And you’re going to miss the 4 hour bus ride passing through barren Ukrainian landscapesduring which you finally found time to write in your journal, stopped by a roadside gas station to pick up cup ramen for lunch and a supply of cookies, meat chips, and candy that would last you for days. You’re going to miss eating the aforementioned ramen with coffee stirrers, and you’re going to miss belting out the lyrics of “Drops of Jupiter” before drifting off to sleep to the lyrics of “Just Breathe.”
You’re going to miss the feeling of knowing you are in the middle of nowhere, being unable to pinpoint where you are on a map, and juxtaposing the thought of being in universally-unknown Pervomaysky, Ukraine (did any of you know that was where we were?) with the thought of having just 2 days ago been in universally-known NYC.
And you’re going to miss the $12 steak dinner, the endless orders of beers, and the anticipation of participating in the next random Ukrainian drinking “tradition.”
“No one looks back on their life and remembers the nights they got plenty of sleep.” – Anonymous
You’re going to miss the 4 hour dance marathon…
…and you’re going to miss waking up to the sight of one of your group leaders passed out on the floor next to a freshly opened beer bottle, that WTF moment when your hostel was raided by Kalashnikov-wielding cops looking for a massage because they mistook the place for an Asian brothel. And you’re going to miss realizing that you spent that 1 night when you had a proper bed by partying in Kiev instead, heading to bed a mere 3 hours before you headed out the door again.
You’re going to miss getting on the wrong train during your adrenaline-fueled rush from your hostel to catch buses that would take you to Chernobyl — the feeling of searching for a needle in a haystack in Kiev’s sprawling Independence Square, the uncertain dread of whether you’ve missed the opportunity to visit the site of the worst nuclear disaster in history. And you’re going to miss that sigh of relief and a renewed belief in miracles when a stranger approaches you to ask if you’re looking for the Chernobyl buses, 35 minutes after you were supposed to be there.
And then you’re going to miss that second adrenaline-fueled dash to the bus station that night, that momentary panic when you count up your group and realize you’d left one of your compatriots behind, the relief at having him make his way to the bus station in time anyway (leading to jokes afterwards that never got old). And you’re going to miss biting into one of the 100 last-minute orders of shawarma sandwiches made at the bus station to hold you over on your 7 hour overnight ride, and you’re going to miss those late-night conversations about politics, race, sex, and civil rights.

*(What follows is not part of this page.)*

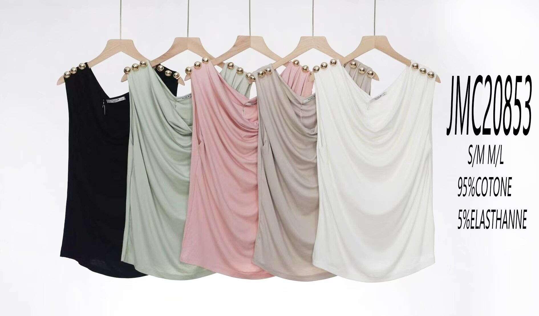 Bluzki ELSA to idealny wybór dla butików ceniących modę i wygodę. Model wyróżnia się efektownym marszczeniem z przodu oraz subtelnymi, złotymi guzikami na ramionach, które nadają bluzce stylowy charakter. Uszyte z wysokiej jakości materiału – 95% bawełny i 5% elastanu – zapewniają miękkość, przewiewność i perfekcyjne dopasowanie do sylwetki. Dostępne w uniwersalnych rozmiarach S/M oraz M/L oraz w najmodniejszych kolorach: różowy, czarny, biały i beż. Sprawdzą się zarówno do stylizacji codziennych, jak i na wyjątkowe okazje. Znakomity produkt do hurtowej sprzedaży – must have w każdej kolekcji!

You’re going to miss standing for an hour in the shivering cold while making crude jokes and waiting for the morning bus, telling horror stories on the way to Lviv’s train station, and spending the 3 hours before shops opened at one of the sexiest cafes you’ve ever stumbled upon.
You’re going to miss dancing in the streets to music blasting over speakers and you’re going to miss that awkward moment when a passerby gives you a 50 cent Ukrainian coin for your efforts.
And you’re going to miss wandering through Lviv with a local, warm from honey vodka shots required of you before you entered that password-protected underground bar, and buzzed from champagne popped at the top of a viewing tower overlooking the city to celebrate having just climbed a million flights of stairs (…and being in Ukraine!).
You’re going to miss taking photos in a random car at the top of a restaurant…
…and you’ll miss popping another bottle of champagne just in time for a fiery red sunset on High Castle Hill…
…and you’ll miss that last-minute costume party under a legendary opera house.
You’re going to miss trying to figure out the ‘Ukranian Bear’ as he cargoes you across the Ukrainian-Polish border at 1am in the morning, debating conspiracy theories as you’re told to wait in an interrogation room while your vehicle is searched in a sketchy garage.
You’re going to miss waking up in a new country after driving for hours, dumb to the awe of Wawel Castle at dawn as you get out of the van, taking over a nearby Sheraton bathroom – the nicest you’ve used in days – walking through atmospherically serene Krakow before anyone else is awake, and getting a rushed breakfast before scrambling for seats on a standing-room packed bus to Auschwitz.
And you’re going to miss the feeling of arriving back home, just in time to ring in 2013, just in time to reflect on 2012 and realize you ended the year with a series of 6 days that you’ll never forget.
But most of all, you’re going to miss the first time when it’ll hit you: that nobody else for the rest of your life will be able to understand what 17 strangers went through together in only 6 days.
And yes, most of all, we’ll miss each other.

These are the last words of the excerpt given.